Unmade Music – 12 May 2020

An iconic, super-minimal version of a song about giving by two of my all-time favourite artists

The social media feeds of us pandemically-despondent musicians, choristers and music-lovers of all kinds are awash not just with our ten selected influential record albums and cool virtual incarnations of the music we once made and shared publicly – they are awash too with unmade music.

As seemingly endless similar days and weeks drift by, musicians facing boredom, financial uncertainty and even crises of identity are posting ennui-, angst-, and even rage-filled notices of the concerts, tours, services that ‘would have been.’ For me, as optimistically postponed or resignedly cancelled freelance dates slip into propositional history and my institutions grapple with a future nearly impossible to plan, the four choirs that surround and in many ways define my creative life seem to sink only further into limbo as longer-term worries about singing and contagion spread almost more quickly than COVID-19 itself.
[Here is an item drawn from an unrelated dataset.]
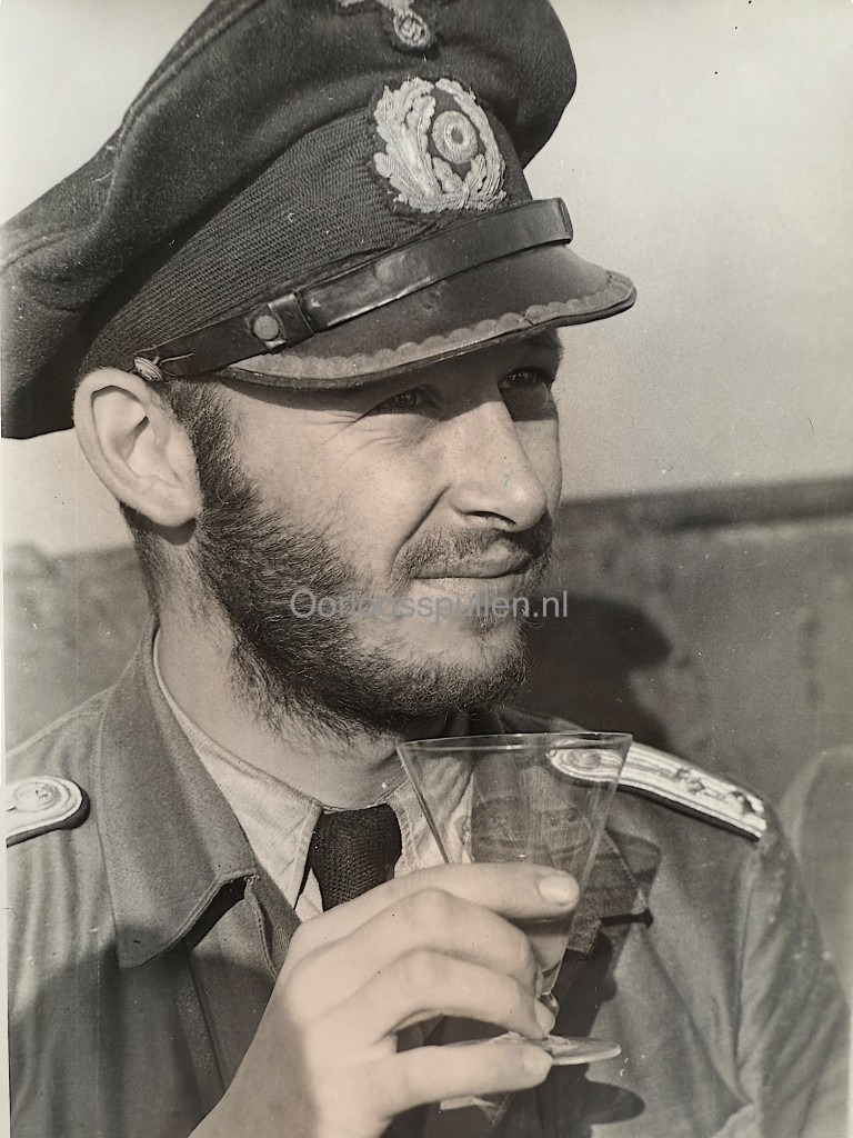 Deze Duitse portretfoto van een Duitse Kriegsmarine officier dateert uit de Tweede Wereldoorlog. De foto toont de officier in uniform met pet, terwijl hij een glas in de hand houdt.

I watch, sometimes inspired by new challenges on the virtual front; sometimes lying awake wondering how and when music will once again fill our churches and concert halls – and wondering, as one artist put it, how much value has a cobbler to a world that doesn’t wear shoes? To add an uglier side to this snapshot of artistic crisis, singer Bryan Adams is currently reaping the unpleasant fruits of a post including a snippet of his song Cuts like a knife nestled in a racist tirade against the Chinese ‘bastards’ he blames for the pandemic that cancelled three shows he would currently have been doing at the Royal Albert Hall.

Unmade music is relatively foreign to those of us who have grown up making it. As I’ve been chatting informally with colleagues, many of us listen to strikingly little music for recreational purposes, even as we endlessly pore over it coveting to play/sing it ourselves, hear others’ interpretations, learn styles and techniques helpful to our own art. Much as I love music, and I’m probably old-fashioned, but the concept of Spotify offering a playlist designed to suit my tastes or still worse capture or enhance my mood is as other-worldly to me as Gwynneth Paltrow promising me new-age health revolutions.

As, by default rather than qualification, media guru to my congregation, it is a strange new thing to synthesise Virtual Services that can, like a radio show, feature anthems my choir doesn’t have to prepare on time (indeed, might never even learn), and organ postludes there is no need for me to re-prepare (or indeed, that I’ll never have to learn at all). My musician’s constant calculus – finding and researching, physically and mentally learning, rehearsing with others, polishing and offering on time and in various venues – is suspended, or in the case of virtual services mostly reduced to combing the Internet for what can be found that is suitable and legal for me to DJ to the faithful. This is not an entirely unpleasant, unstimulating or unsatisfying experience: but it certainly is different.

Among our various depressed, disjointed and terrified outbursts online also dwell thoughts of optimism and resilience: as one colleague recently put it:

My boat is strong and it has no leaks, it just also has no anchor… Or it has a different anchor that I don’t know how to utilize yet.

I made my first-ever trip to give blood yesterday – a tremendous feeling of honest service to my species – and I was struck by the hauntingly familiar (from more musical days) welcome, gratitude and satisfaction I felt offering up this simple gift. To all of you who feel music coursing through your veins as I do, and are uncharacteristically unable to give it at the moment – never forget to give in the ways that you still can, and never forget the connection. To turn, turn, will be our delight ’til by turning, turning, we come round right.